Benkei in New York (N.Y.の弁慶, N.Y. no Benkei) is a one-volume manga written by Jinpachi Mori and illustrated by Jiro Taniguchi. It is a collection of short stories revolving around a Japanese artist who moves to New York, but secretly works as a hitman in his spare time. It was originally serialized in the Japanese manga magazine Big Comic Original Zōkan by Shogakukan between 1991 and 1996. The manga was serialized in North America by Viz Media in its Pulp magazine in 2000 and later collected in graphic novel format. Critics have praised the series for its uniqueness compared to North American crime fiction as well as its execution of horror.

== Plot ==
- "Haggis"
  Benkei entices a man to his bar with malt scotch, the same drink he was consuming when he crashed a car to dodge the draft. There, the man is confronted by the son of the woman who was killed while driving the car, and the man is killed in a knife-fight.
- "Hook"
  Benkei takes a cabaret dancer named Maria home and draws her. Benkei tracks down a man who killed their shipmate on a fishing trawler with a hook. He chases him through a fish market and using a hook, cuts him down the side of his face.
- "Throw Back"
  Benkei follows a man from Grand Central Station to Central Park for the third day. The two spar using hand-to-hand combat. They continue fighting in the American Museum of Natural History with swords taken from an exhibit and Benkei kills the man.
- "The Cry"
  Benkei paints a forgery of The Scream for the Italian mafia. However, its sale is used as a setup to kill a subordinate so the boss, Gantino, can expand his operations. Benkei is targeted in the process but escapes. He creates another forgery from memory and meets Gantino, lying that he has the original. Benkei kills Gantino while he gazes at the fake and leaves the original in a museum.
- "Sword Fish"
  Benkei is invited to Sicily by Troia, a former leading figure of La Cosa Nostra, to forge his collection of European paintings. Sorchi, one of Troia's men, works with Gantino's brother to attack Benkei's car and kidnap Maria. In the resulting negotiation, Sorchi reveals that he wants Troia's paintings and tries to kill them. Benkei uses a swordfish's bill as a weapon but is shot. When he shows the paintings to Sorchi, Troia sets them on fire along with Sorchi. Fatally wounded, Troia dies as Benkei shows him his forgery of Jean-François Millet's painting Maternal Care.
- "Necklace"
  A man wants Benkei to kill Sophie Gibson, the leader of a drug ring, but Benkei refuses because he feels that the request is dishonest. When the man tries to kill her himself, he is shot. Before he dies, he reveals to Benkei that Gibson and he were engaged lovers from Vermont and asks him to give her a necklace of pearl. Benkei strings the necklace with piano wire and uses it to strangle Sophie.
- "Basement"
  An architect named Gordon murders his more successful peer and wife, Betty, at their summer home on an island. Benkei visits him to deliver a painting of Betty and the image scares Gordon. Running from Benkei, Gordon hides in the basement which includes a pool designed by Betty. Benkei barricades the man inside while delivering a message from Betty saying "I loved you too much."

== Release ==
The manga was originally serialized in the magazine Big Comic Original Zōkan by Shogakukan between 1991 and 1996. It was collected into one tankōbon volume and released by Shogakukan on April 27, 1996.
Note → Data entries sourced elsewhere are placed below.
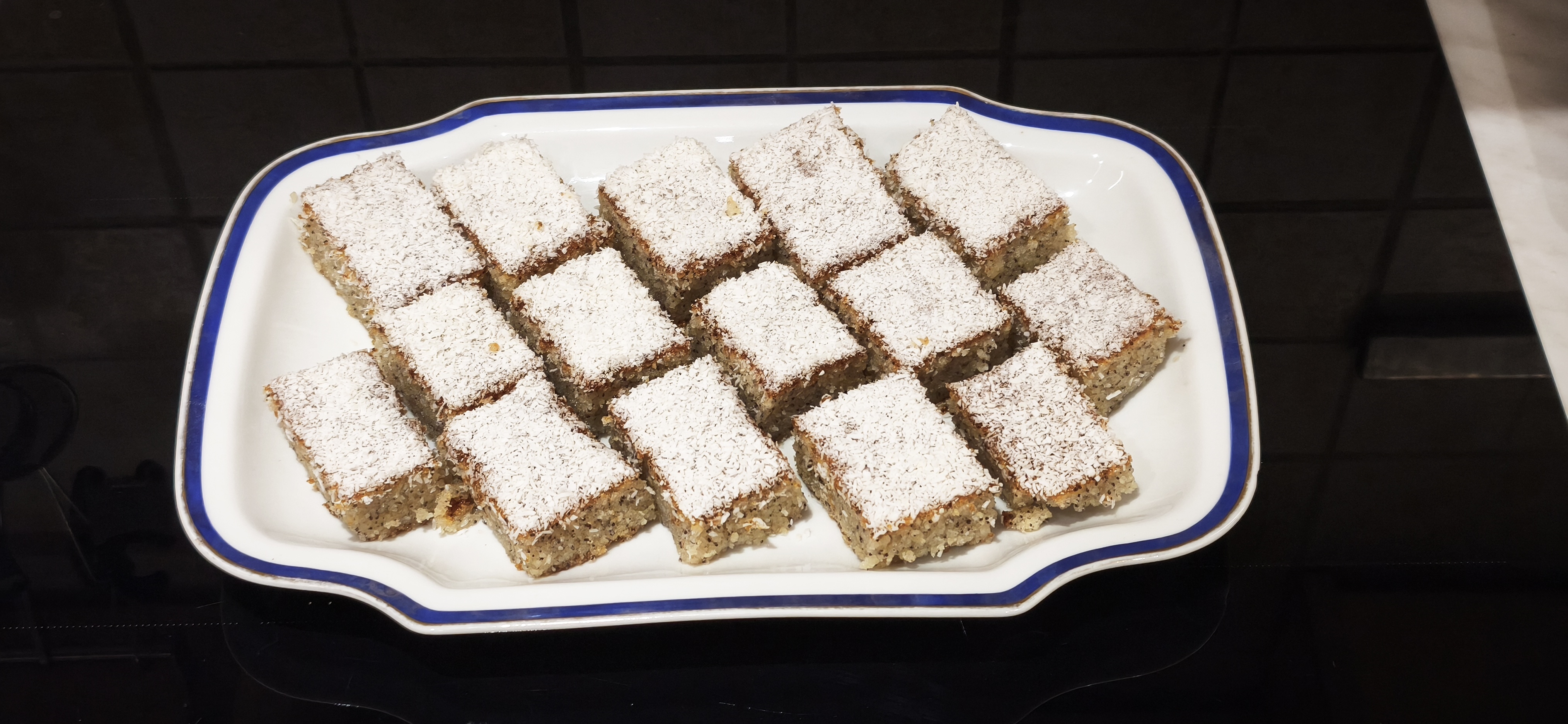 7. A sütemény tetejére közvetlenül a sziruppal való megöntözés után egy réteg kókuszreszelék kerül, de díszíthetjük a mák ízvilágához passzoló gyümölcsökkel, esetleg felvert és a szeletelés előtt a sütemény tetejére simított cukrászhabbal is.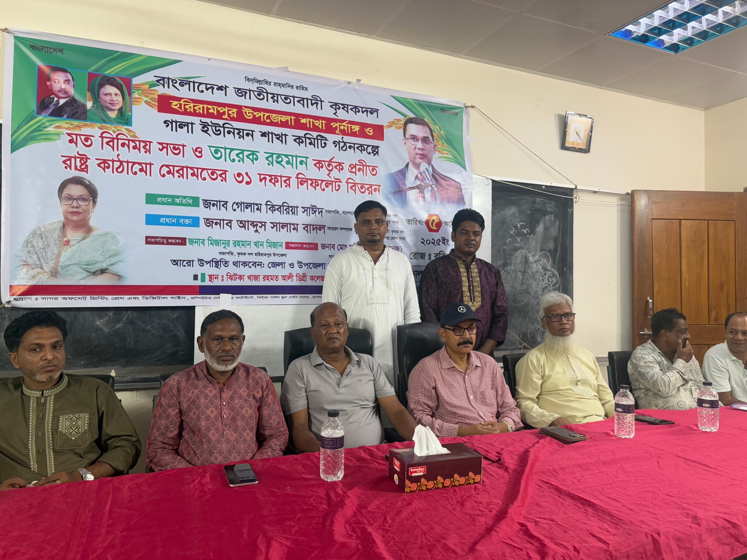 মানিকগঞ্জের হরিরামপুর উপজেলার গালা ইউনিয়নে বাংলাদেশ জাতীয়তাবাদী কৃষক দলের কমিটি গঠন প্রকল্প উপলক্ষে এক মতবিনিময় সভা অনুষ্ঠিত হয়েছে।
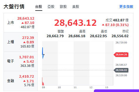 台股今天(29日)開紅小衝87點,最高來到28686點。上櫃、電子與金融類股全揚升。重要電子權值股,約9點20分前,台積電漲5元、來到1515元。廣達跌1元、來到262元。鴻海漲4元、來到229.5元。台達電漲12元、來到968元。聯發科漲5元、來到1390元。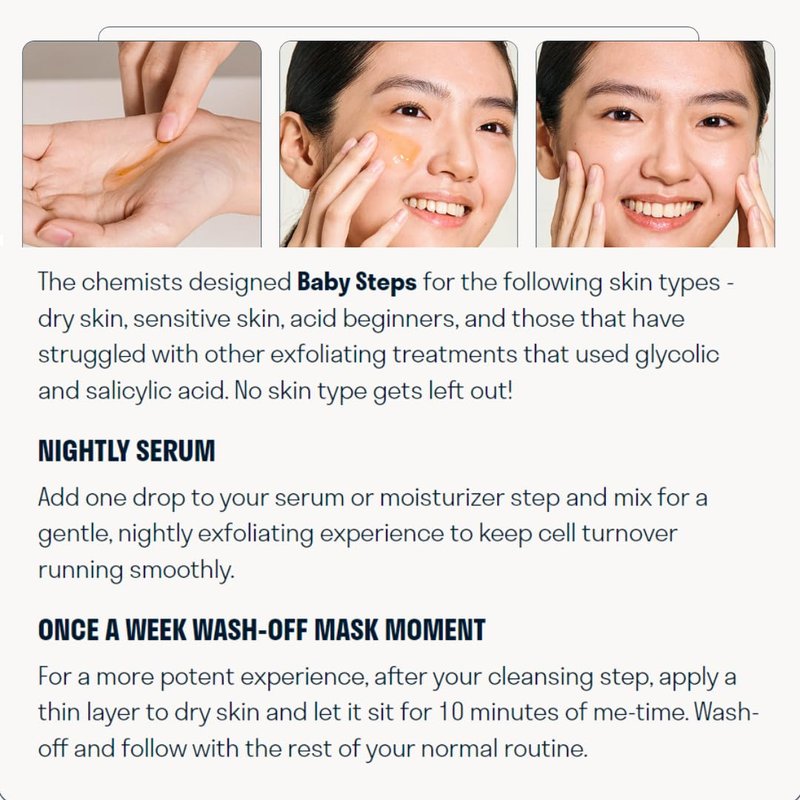 - DRY & SENSITIVE SKIN: Specially designed for sensitive skin, Baby Steps offers a mild yet transformative exfoliation experience.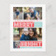 Bright and modern holiday photo cards in red and blue with the words "Merry and Bright" that can be personalised with 4 photos and a signature.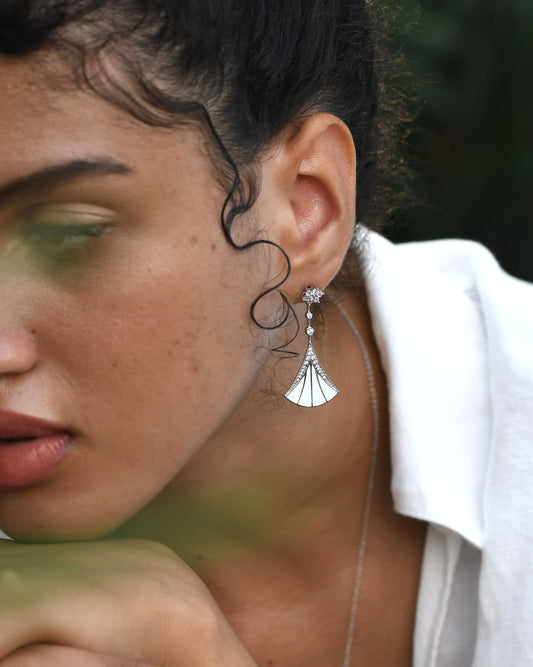 The Ivory Enamel Cascade Earrings weave silver and enamel into a composition of restraint and elegance. Handcrafted with rhodium-plated brilliance, their ivory gleam captures the serenity of moonlit nights. Though delicate in wear, they resonate with maximalist artistry: a purity that is timeless...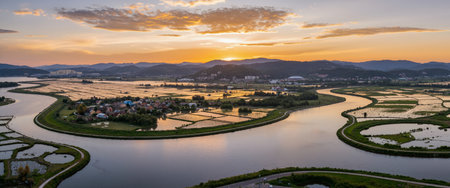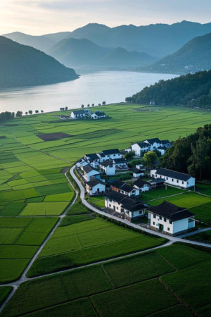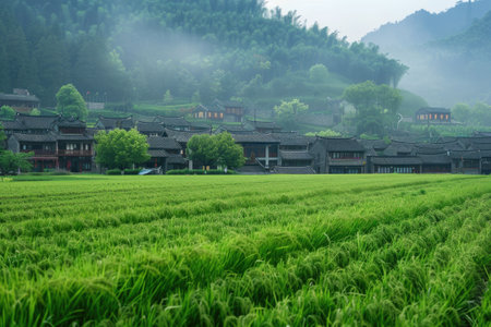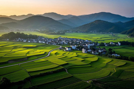 A peaceful village in the bucolic landscape, a poetic dwelling among the rice fields
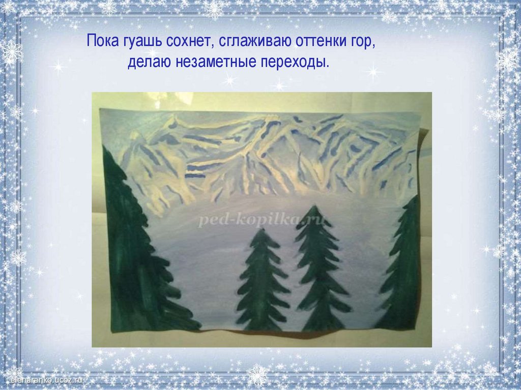 Пока гуашь сохнет, сглаживаю оттенки гор,делаю незаметные переходы.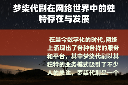 在当今数字化的时代,网络上涌现出了各种各样的服务和平台,其中梦柒代刷以其独特的业务模式吸引了不少人的关注。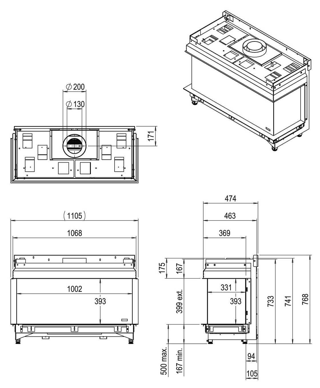 Llar estanca de gas. Tots els aparells de la línia Smart de Faber se subministren sense marc, amb efecte llenya, 2 reixetes per a sortida d'aire de convecció, porta per a registre i cremador Flat Burner.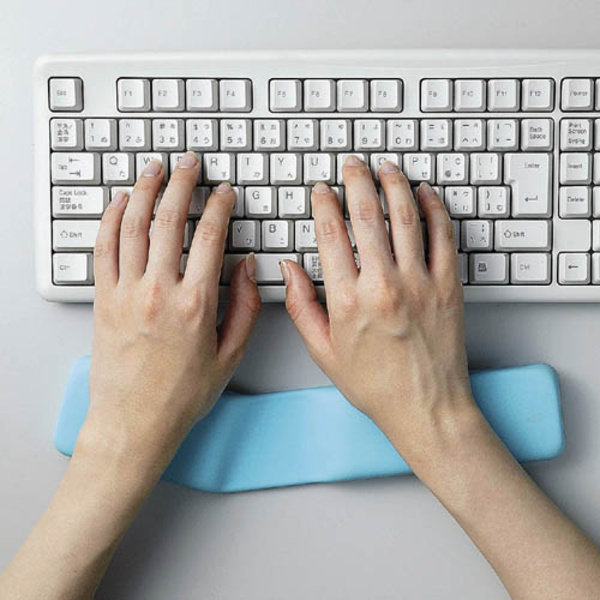キーボード操作時の自然な手首の角度22°に合わせたハンドレストです。操作距離が長い右手に合わせ、右側が長い設計です。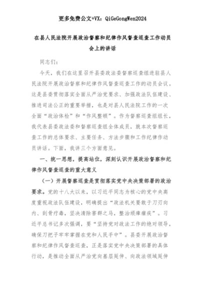 【七哥公文】2025年:在县人民法院开展政治督察和纪律作风督查巡查工作动员会上的讲话+更多免费公文+VX:QiGeGongWen2024+更多免费公文+VX:QiGeGongWen2024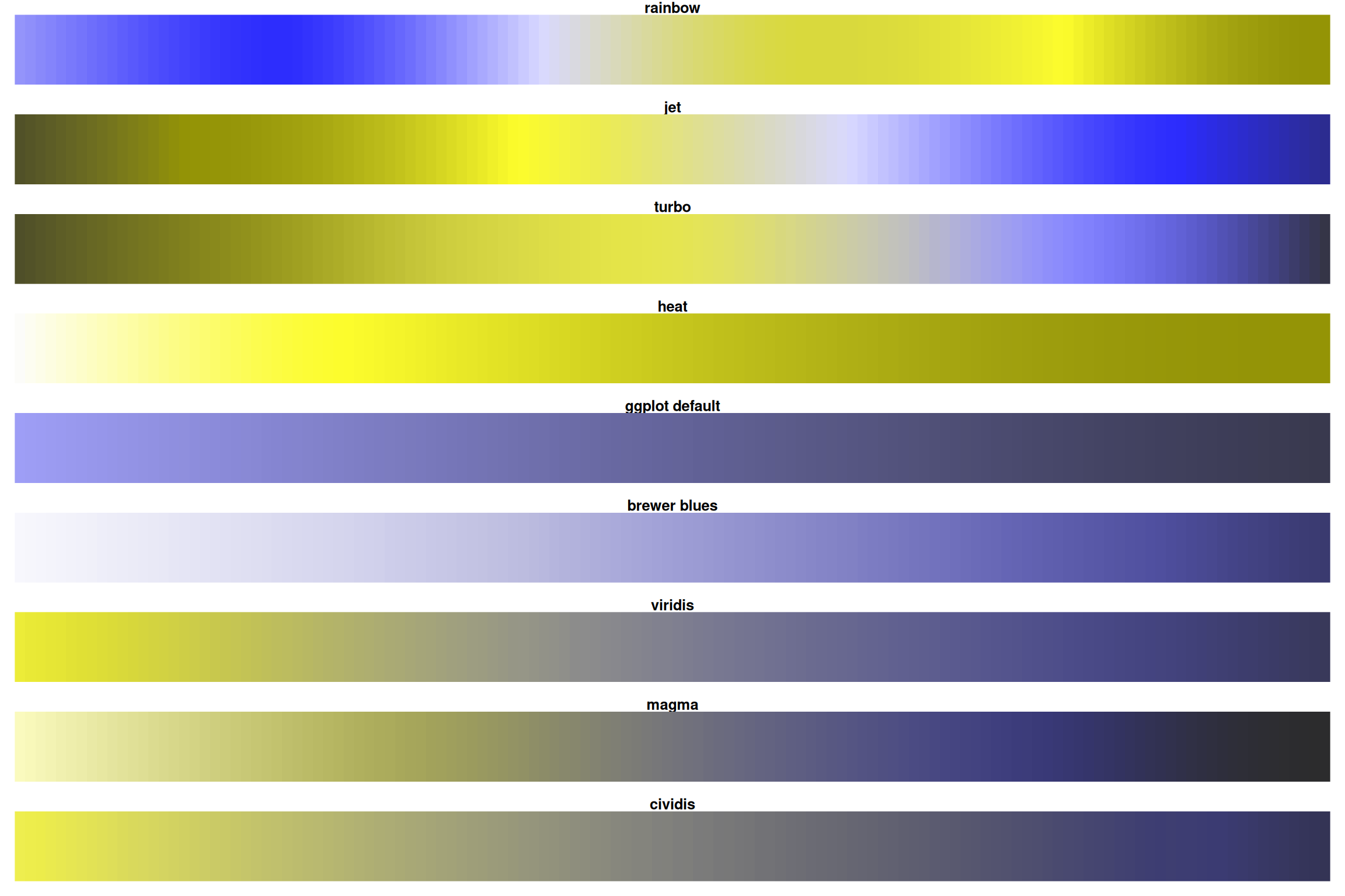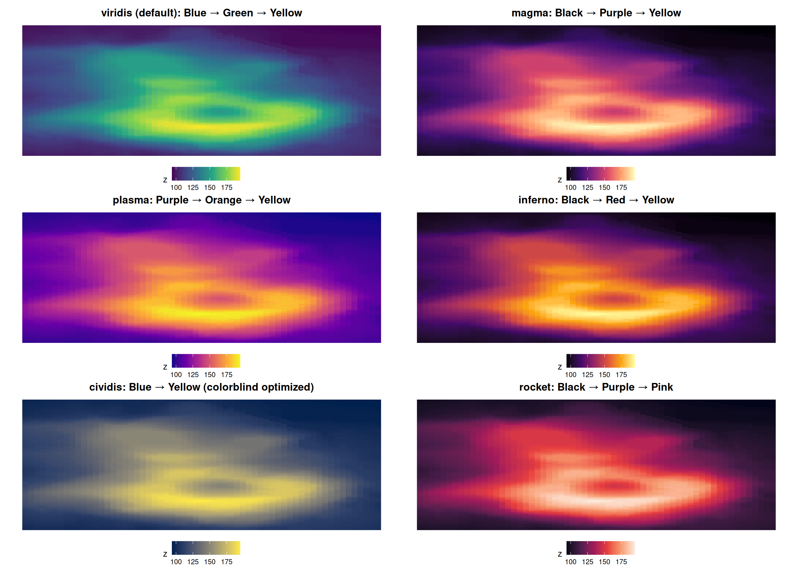 Notice how rainbow and heat have sharp transitions while viridis/magma are smooth!

The manga has been published in English by Viz Media through its manga magazine Pulp. Its first chapter appeared in the June 2000 issue of the magazine, and the complete series was published in graphic novel format in May 2001.

==Reception==
As the time of its release by Viz Media, Warren Ellis declared that "Benkei is better than 96% of the crime fiction coming out of America right now." Although he described the stories as "ghoulish", Jason Thompson commented that Taniguchi can depict "the blood and the death in a cool, calm fashion." He also highlighted a battle sequence in the third chapter as "particularly notable" as it is wordless and free of sound-effects. Katherine Dacey of Manga Bookshelf said: "If Benkei's motives and methods are sometimes inscrutable—or downright illogical—the stories still work beautifully, with crack pacing and memorable denouements that can be as deeply unsettling as they are emotionally satisfying".

Scott Green of Ain't It Cool News said that Benkei's modus operandi of artistry was "perfectly executed". Christopher Butcher said that the manga is "darker and dirtier than anything being produced in North America" while praising the tightly written stories and "cinematic style" art.